Heroin possession yields jail term.

April 9, 2018

Cody Denton, left, with defense attorney Terry Shaw.

Heroin possession yields jail term.


By Allison Scarbrough, Editor.

HART — A 23-year-old Ludington man with a lengthy criminal history was sentenced to nine months in jail for a heroin possession conviction in 27th Circuit Court Monday, April 9.

Cody Morgan Denton, of 2630 Sherman Rd., pleaded guilty to heroin possession less than 25 grams, Jan. 29. Denton testified that police arrested him when he was caught with heroin in his hand.

He was arrested last October by the Oceana County Sheriff’s Office at a local rest area on charges of heroin possession and second-offense habitual offender.

“I was there to get high,” Denton previously told Judge Robert D. Springstead.

Denton’s habitual offender status enhanced his maximum possible term to eight years in prison, the judge said.

In exchange for his plea, Denton’s jail time was capped at nine months, and his habitual offender status was dismissed.

Sentencing guidelines in the case are two to 17 months, said Judge Springstead, who gave Denton credit for 189 days served in jail.

In Mason County, Denton is charged with heroin possession and fourth-offense habitual offender, facing a 15-year maximum, said Mason County Prosecutor Paul Spaniola. In a separate felony file, he is charged with breaking and entering to Quinn’s Towing, larceny of a firearm, felony firearm and fourth-offense habitual offender, facing up to life in prison.

“I’m probably going to prison for four or five years,” Denton said to Judge Springstead. “The trial is Wednesday. I’m probably going to take a plea and wrap them both up Wednesday.”

“No plea agreement has been reached at this time, and he remains innocent until proven guilty at trial of all charges,” Spaniola said.

In October 2017, Denton was sentenced in Mason County’s 51st Circuit Court to a one-year discretionary jail sentence, serving 122 days up front, for attempted felonious assault.
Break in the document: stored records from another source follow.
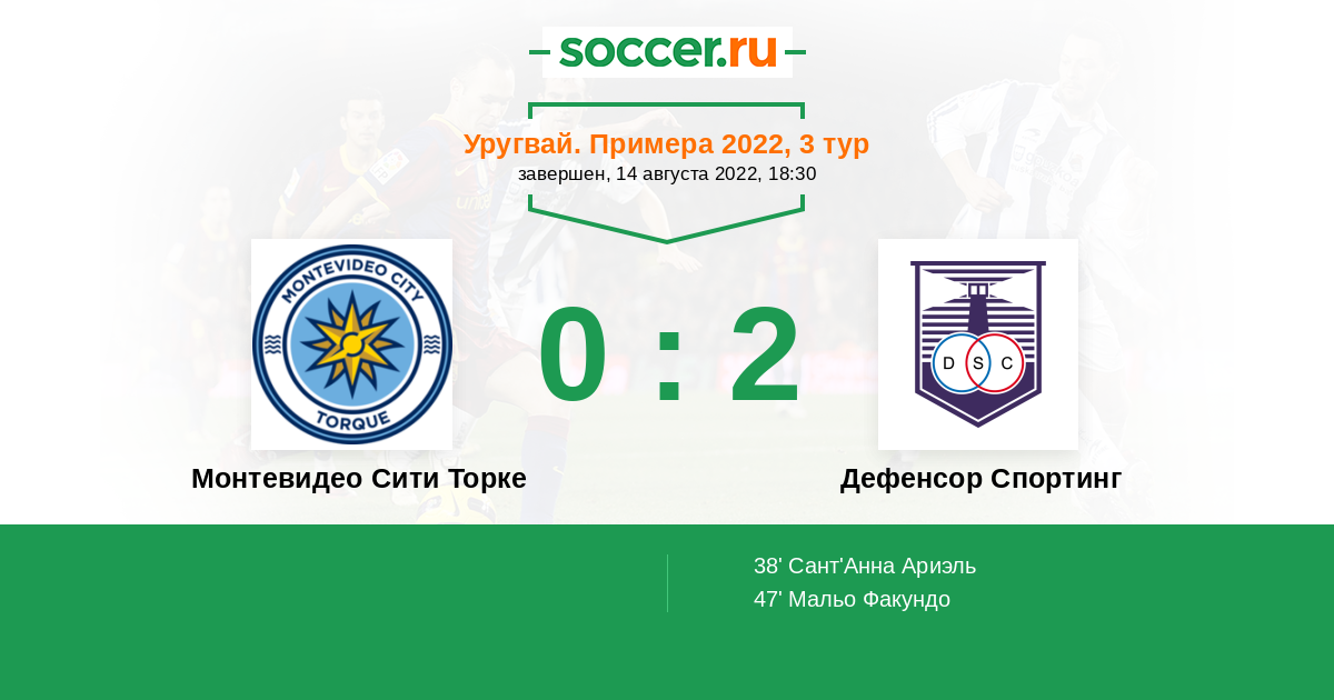 Протокол матча Монтевидео Сити Торке против Дефенсор Спортинг
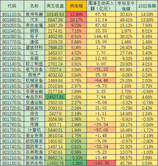 行業(yè)指數(shù)方面,上周有26類申萬一級行業(yè)上漲,占比92.86%,家用電器以12.86%的周漲幅居首,汽車和有色金屬分別以10.17%和9.23%位居第二位和第三位;下跌的兩類行業(yè)分別為醫(yī)藥生物(-1.36%)、休閑服務(wù)(-0.30%)。
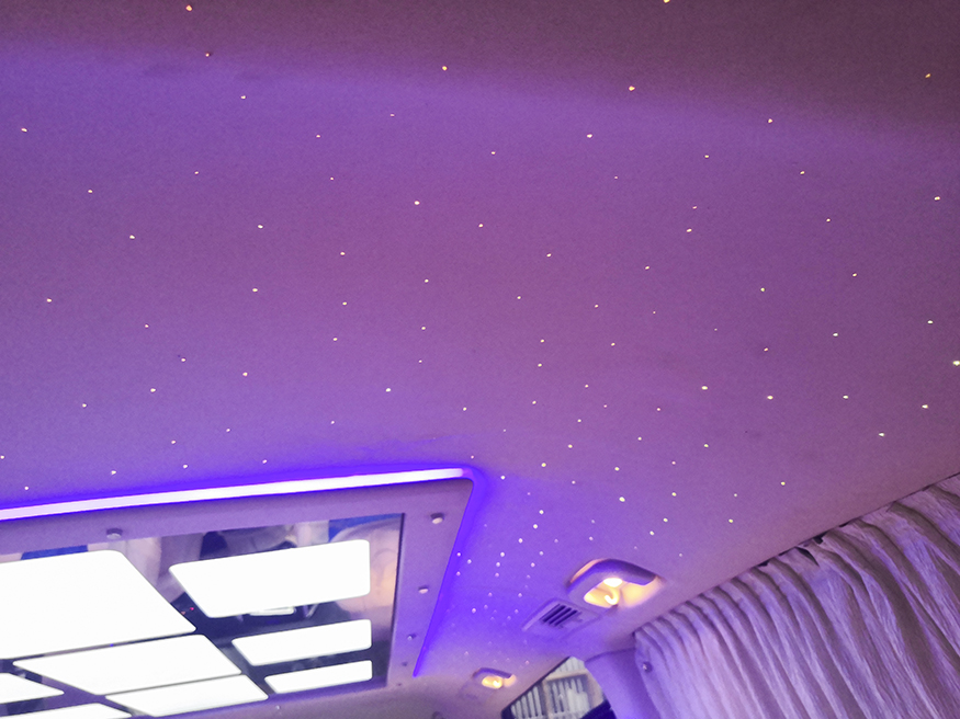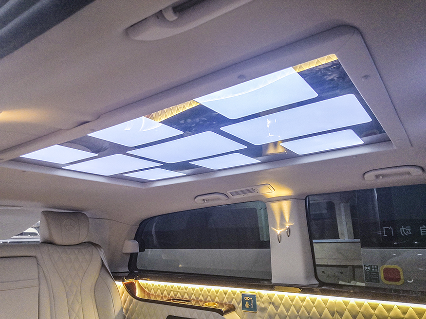 星空顶:由上千条光纤组成,夜晚开启之后足不出户就能在车内欣赏到浩瀚的夜空。
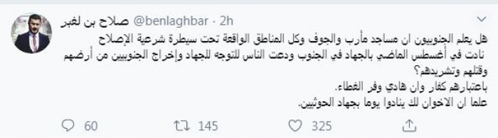 وكتب في تغريدة عبر "تويتر" رصدها "المشهد العربي": "هل يعلم الجنوبيون أن مساجد مأرب والجوف وكل المناطق الواقعة تحت سيطرة شرعية الإصلاح نادت في أغسطس الماضي بالجهاد في الجنوب ودعت الناس للتوجه للجهاد وإخراج الجنوبيين من أرضهم وقتلهم وتشريدهم؟ باعتبارهم كفار وأن هادي وفر الغطاء. علمًا بأن الإخوان لم ينادوا يومًا بجهاد الحوثيين".
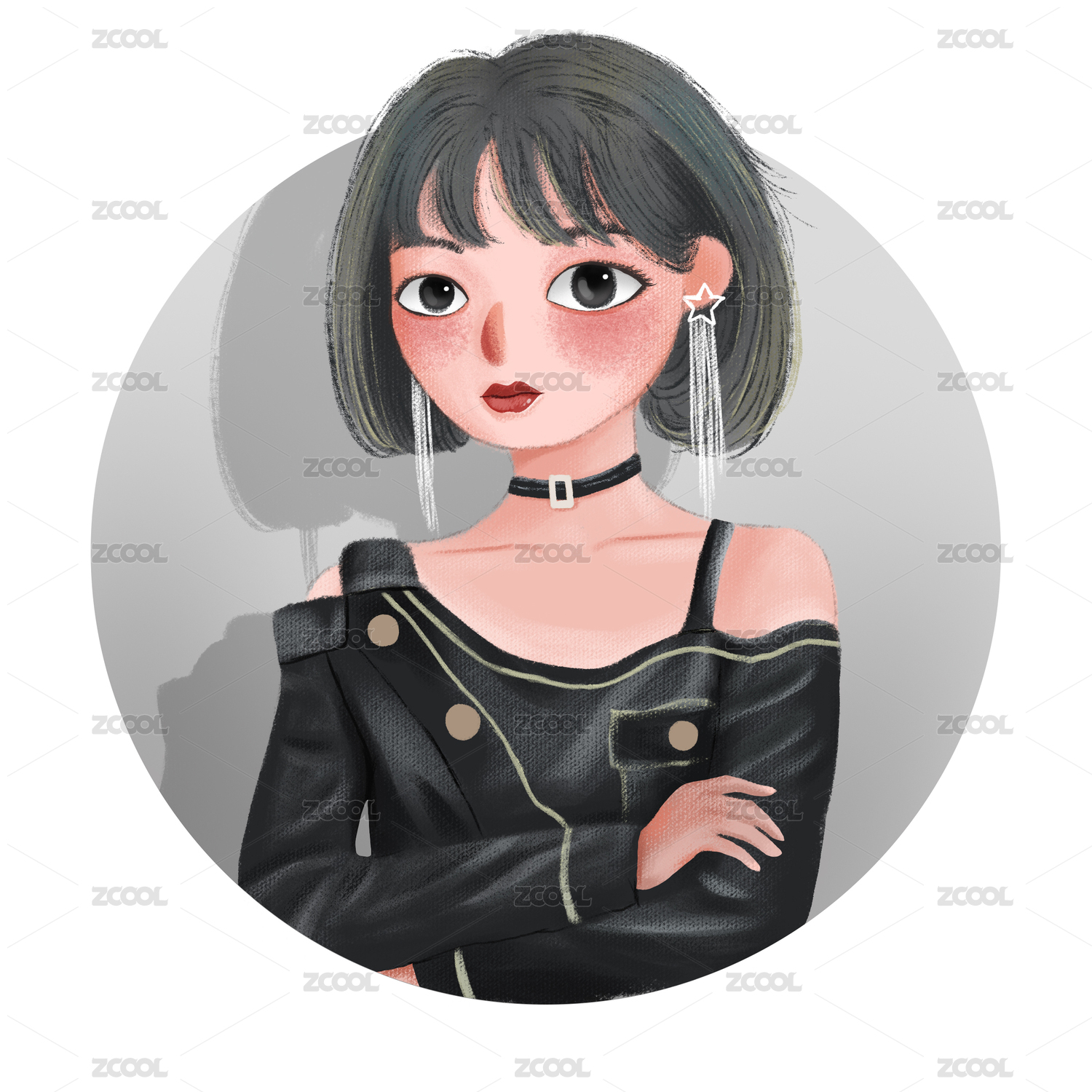 一张圆形、灰色背景的短发女生图片

According to the Offender Tracking Information System (OTIS), Denton in 2012 served prison terms of two to 15 years for second-degree home invasion; one and a half to 15 years for breaking and entering a building with intent; and one and a half to four years for marijuana delivery. In 2011, he was sentenced to a maximum of two years for marijuana delivery.

Denton’s sentence Monday includes a one-year driver’s license suspension with the possibility of a restricted license after 60 days.